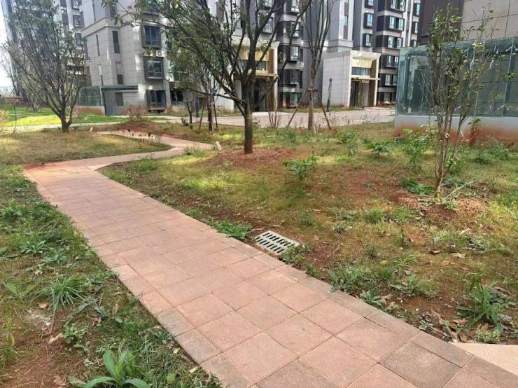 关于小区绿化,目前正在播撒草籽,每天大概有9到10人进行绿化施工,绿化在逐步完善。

..............................

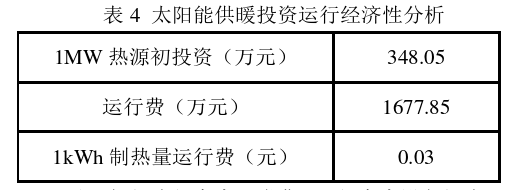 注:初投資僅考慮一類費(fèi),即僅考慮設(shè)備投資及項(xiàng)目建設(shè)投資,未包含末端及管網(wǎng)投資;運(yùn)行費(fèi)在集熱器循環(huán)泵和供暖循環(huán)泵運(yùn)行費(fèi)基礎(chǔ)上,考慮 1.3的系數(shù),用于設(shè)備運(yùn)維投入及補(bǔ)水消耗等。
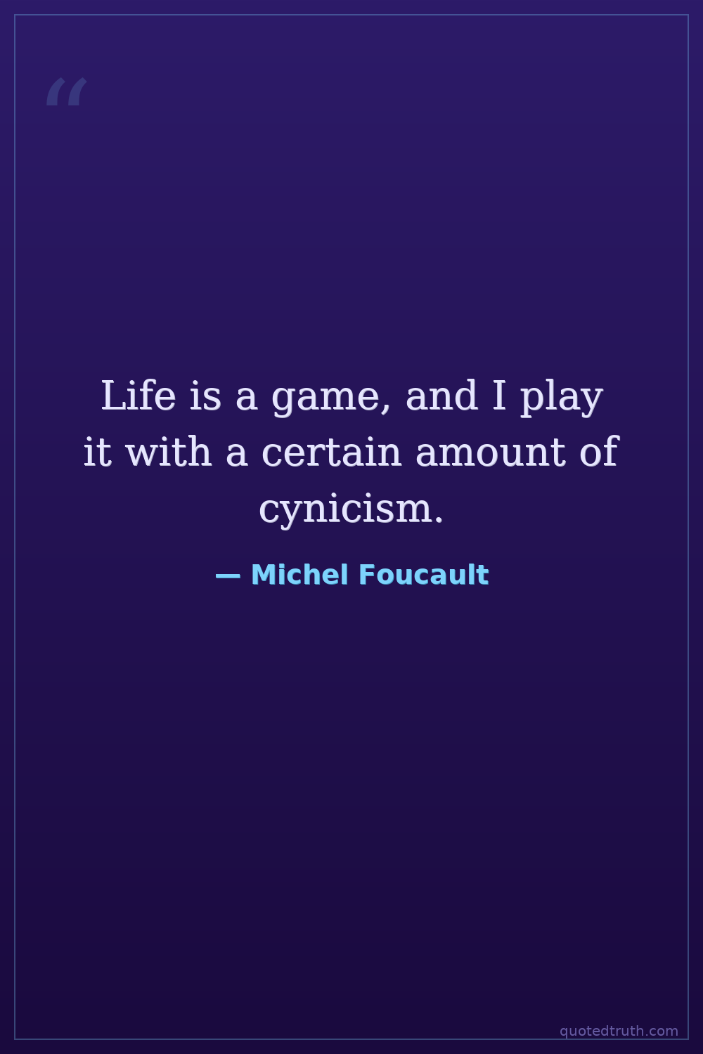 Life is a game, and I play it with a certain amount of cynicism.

..............................

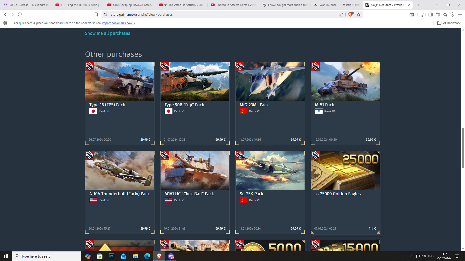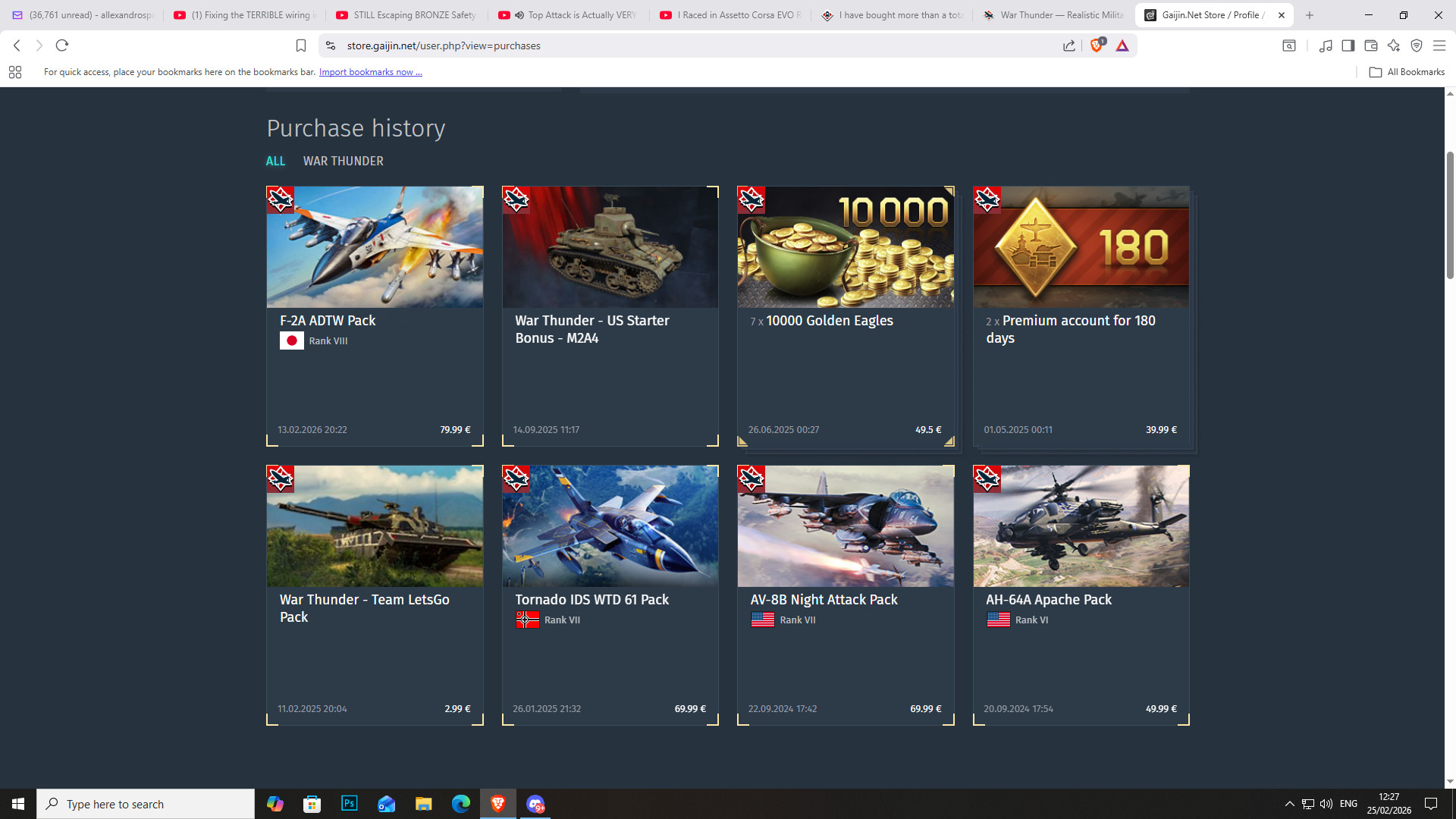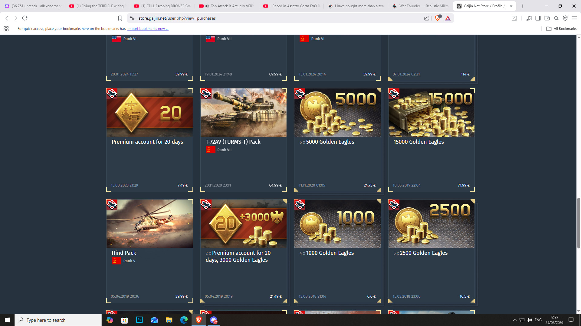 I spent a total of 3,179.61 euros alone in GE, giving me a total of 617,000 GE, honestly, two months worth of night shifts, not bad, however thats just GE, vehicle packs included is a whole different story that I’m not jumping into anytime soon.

..............................

§ WHAT YOU NEED TO DO
The lines to reproduce run from the one above containing "注:初投資僅考慮一類費(fè" through the one containing "Life is a game, and". Copy them exactly and leave out all pictures.

§ EXERCISE RESPONSE
 注:初投資僅考慮一類費(fèi),即僅考慮設(shè)備投資及項(xiàng)目建設(shè)投資,未包含末端及管網(wǎng)投資;運(yùn)行費(fèi)在集熱器循環(huán)泵和供暖循環(huán)泵運(yùn)行費(fèi)基礎(chǔ)上,考慮 1.3的系數(shù),用于設(shè)備運(yùn)維投入及補(bǔ)水消耗等。
 Life is a game, and I play it with a certain amount of cynicism.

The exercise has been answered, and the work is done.